I heard a saying that c++ programmers should avoid memset,

class ArrInit {
    //! int a[1024] = { 0 };
    int a[1024];
public:
    ArrInit() {  memset(a, 0, 1024 * sizeof(int)); }
};

so considering the code above,if you do not use memset,how could you make a[1..1024] filled with zero?Whats wrong with memset in C++?

thanks.

The issue is not so much using memset() on the built-in types, it is using them on class (aka non-POD) types. Doing so will almost always do the wrong thing and frequently do the fatal thing - it may, for example, trample over a virtual function table pointer.

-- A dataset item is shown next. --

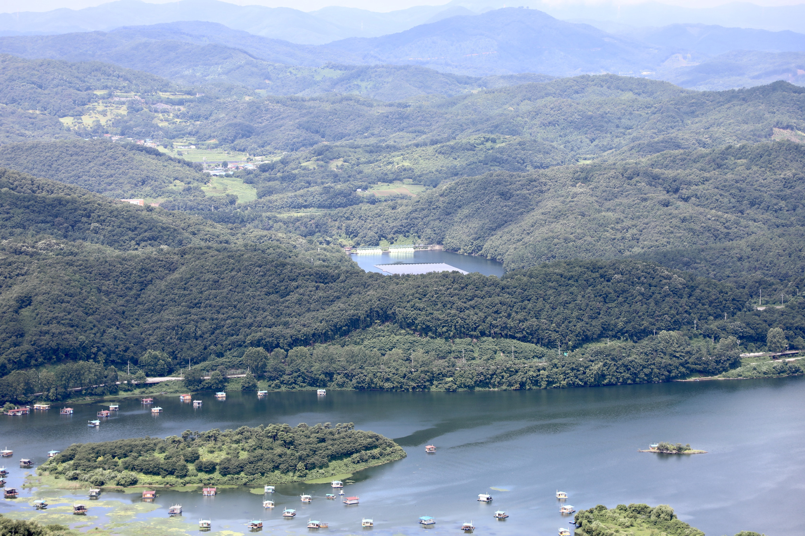 두타산(598m) 삼형제봉에서 초평호를 굽어보면 위로는 중국이,

In C++ std::fill or std::fill_n may be a better choice, because it is generic and therefore can operate on objects as well as PODs. However, memset operates on a raw sequence of bytes, and should therefore never be used to initialize non-PODs. Regardless, optimized implementations of std::fill may internally use specialization to call memset if the type is a POD.

The issue is not so much using memset() on the built-in types, it is using them on class (aka non-POD) types. Doing so will almost always do the wrong thing and frequently do the fatal thing - it may, for example, trample over a virtual function table pointer.

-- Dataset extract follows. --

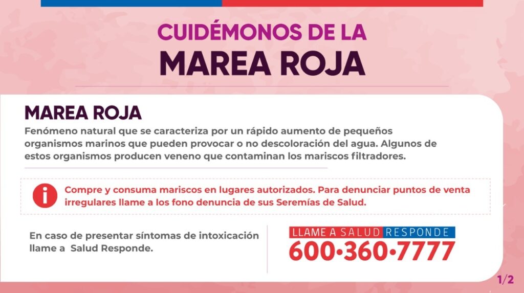 La Seremía de Salud informa que la región de Los Lagos no tiene marea roja, confirmando que los mariscos contaminados consumidos por este grupo de personas provienen de otra zona del país.

Zero-initializing should look like this:

class ArrInit {
    int a[1024];
public:
    ArrInit(): a() { }
};

As to using memset, there are a couple of ways to make the usage more robust (as with all such functions): avoid hard-coding the array's size and type:

memset(a, 0, sizeof(a));

For extra compile-time checks it is also possible to make sure that a indeed is an array (so sizeof(a) would make sense):

template <class T, size_t N>
size_t array_bytes(const T (&)[N])  //accepts only real arrays
{
    return sizeof(T) * N;
}

ArrInit() { memset(a, 0, array_bytes(a)); }

But for non-character types, I'd imagine the only value you'd use it to fill with is 0, and zero-initialization should already be available in one way or another.

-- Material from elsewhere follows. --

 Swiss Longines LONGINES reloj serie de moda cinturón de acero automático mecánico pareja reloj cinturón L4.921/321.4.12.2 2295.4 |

What's wrong with memset in C++ is mostly the same thing that's wrong with memset in C. memset fills memory region with physical zero-bit pattern, while in reality in virtually 100% of cases you need to fill an array with logical zero-values of corresponding type. In C language, memset is only guaranteed to properly initialize memory for integer types (and its validity for all integer types, as opposed to just char types, is a relatively recent guarantee added to C language specification). It is not guaranteed to properly set to zero any floating point values, it is not guaranteed to produce proper null-pointers.

Of course, the above might be seen as excessively pedantic, since the additional standards and conventions active on the given platform might (and most certainly will) extend the applicability of memset, but I would still suggest following the Occam's razor principle here: don't rely on any other standards and conventions unless you really really have to. C++ language (as well a C) offers several language-level features that let you safely initialize your aggregate objects with proper zero values of proper type. Other answers already mentioned these features.

It is "bad" because you are not implementing your intent.

Your intent is to set each value in the array to zero and what you have programmed is setting an area of raw memory to zero. Yes, the two things have the same effect but it's clearer to simply write code to zero each element.

Also, it's likely no more efficient.

class ArrInit
{
public:
    ArrInit();
private:
    int a[1024];
};

ArrInit::ArrInit()
{
    for(int i = 0; i < 1024; ++i) {
        a[i] = 0;
    }
}


int main()
{
    ArrInit a;
}

Compiling this with visual c++ 2008 32 bit with optimisations turned on compiles the loop to -

; Line 12
    xor eax, eax
    mov ecx, 1024               ; 00000400H
    mov edi, edx
    rep stosd

Which is pretty much exactly what the memset would likely compile to anyway. But if you use memset there is no scope for the compiler to perform further optimisations, whereas by writing your intent it's possible that the compiler could perform further optimisations, for example noticing that each element is later set to something else before it is used so the initialisation can be optimised out, which it likely couldn't do nearly as easily if you had used memset.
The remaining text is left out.